This week Brussels will present plans to raise taxes on polluting fuels and introduce a first EU-level tax on aviation kerosene, with measures planned to put it at the forefront of global efforts to reduce emissions. carbon emissions.
The European Commission will propose an amendment to its 15-year rulebook on carbon taxes to provide an incentive for low-emission fuel and impose levies on highly polluting energy used in the airline industry and of maritime transport. The measure is one of a dozen policies to be introduced Wednesday to ensure the EU can meet an average carbon reduction target of 55% by 2030. Others include an EU extension. emission exchange scheme, harder CO2 regulations for cars and a coal tax on some imports.
A draft legal text of the energy taxation directive, seen by the Financial Times, proposes to gradually increase minimum rates for the most polluting fuels such as petrol, diesel and kerosene used as jet fuels for a period of 10 years. Zero-emission fuels, green hydrogen and sustainable aviation fuels have not faced increases for a decade in the proposed system.
The “Fit for 55” package puts the EU at the forefront of decarbonisation efforts but the proposals risk a backlash from some governments and the public.
The introduction of environmental taxes is likely to be among the most politically sensitive measures in the commission’s plans. Unlike most of Brussels ’new green policies, the update of the energy taxation directive will require unanimous support from the 27 EU member states to become a reality.
Paolo Gentiloni, Brussels’s economy commissioner, called the reform “a moment now or never”.

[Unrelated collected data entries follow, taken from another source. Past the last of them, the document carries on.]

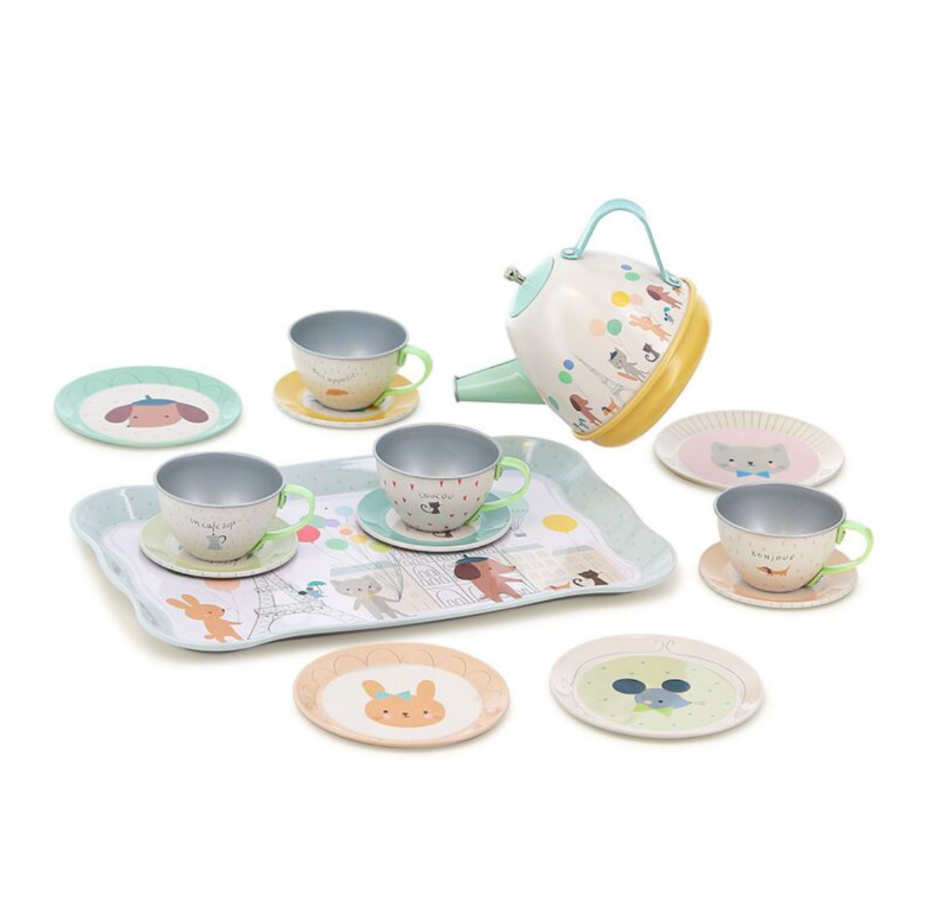 Vilac a conçu cette dinette musicale en métal tout en douceur et poésie, pour les enfants à partir de 3 ans. Une théière magique joue une douce mélodie quand on la penche pour servir le thé comme les grands.
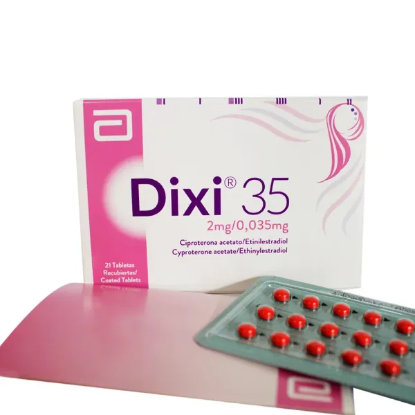 Recupera la confianza en tu piel con Dixi 35. Formulado con Ciproterona y Etinilestradiol, este medicamento es el estándar de oro para tratar el acné persistente, la piel excesivamente grasa y el crecimiento de vello no deseado causado por desequilibrios hormonales. Al actuar directamente sobre las hormonas que afectan las glándulas sebáceas, Dixi 35 limpia tu rostro desde el interior. Además, funciona como un anticonceptivo oral altamente eficaz. ¡El aliado perfecto para una piel sana y un ciclo regulado!
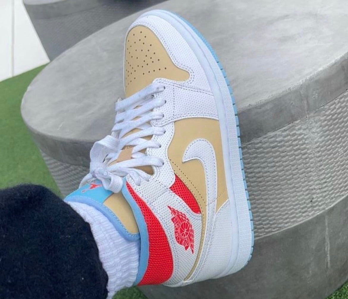 The AJ1 Mid 'Sesame' provides premium, white panelling and a white swoosh, which is contrasted perfectly by beige underlays. There are also pops of red on the ankle collar, whilst the wings logo also features in red. Finally, a pastel blue hue is used for the sock liner and features on the sole unit bringing the whole design together.

“Paradoxically, [the current energy taxation directive] encourages fossil fuels and not environmentally friendly fuels. We need to change that, ”Gentiloni said at a meeting of G20 finance ministers this weekend.
EU energy taxation rules date back to 2006 and have created a system that “favors the use of fossil fuels” due to a number of exemptions and gaps for raw energy in several states. members, according to the text. The directive is intended to establish a series of minimum tax rates for energy products throughout the blockchain.
One of the major changes proposed is the end of the exemption for highly polluting fuels such as kerosene used in aviation. The bill says jet fuel used on intra-EU flights should be subject to a new minimum tax rate, the details of which have yet to be decided, officials said. The rules should, however, exempt flights only for cargo, and apply lower rates for non-commercial flights, according to the bill.
Although a tax on kerosene has been accepted by many EU countries, it has aroused resistance from the aviation industry. Brussels also plans to phase out free carbon credits provided to the sector in its ETS. Along with taxation rules, the phasing out of deductibles would significantly increase the pressure on aviation to reduce its emissions or pay for pollutants.
The bill says the gradual increase in minimum taxes during a ten-year transition would help avoid the problem of “double taxation” for the maritime and airline industries that risk being subject to two forms of CO2 tariffs.
The A4E airline group said the new coal rates for the sector are “ecologically and economically counterproductive” and that the market-based price of coal should be the only major form of CO2 tariff placed on the industry.
“An intra-EU tax on kerosene could lead to a competitive distortion in the internal market of Europe and worldwide,” he told A4E. “A possible tax on kerosene that sets minimum tax rates for intra-EU flights is likely to have the most negative impact, because it can open the door to different rates in the single market.”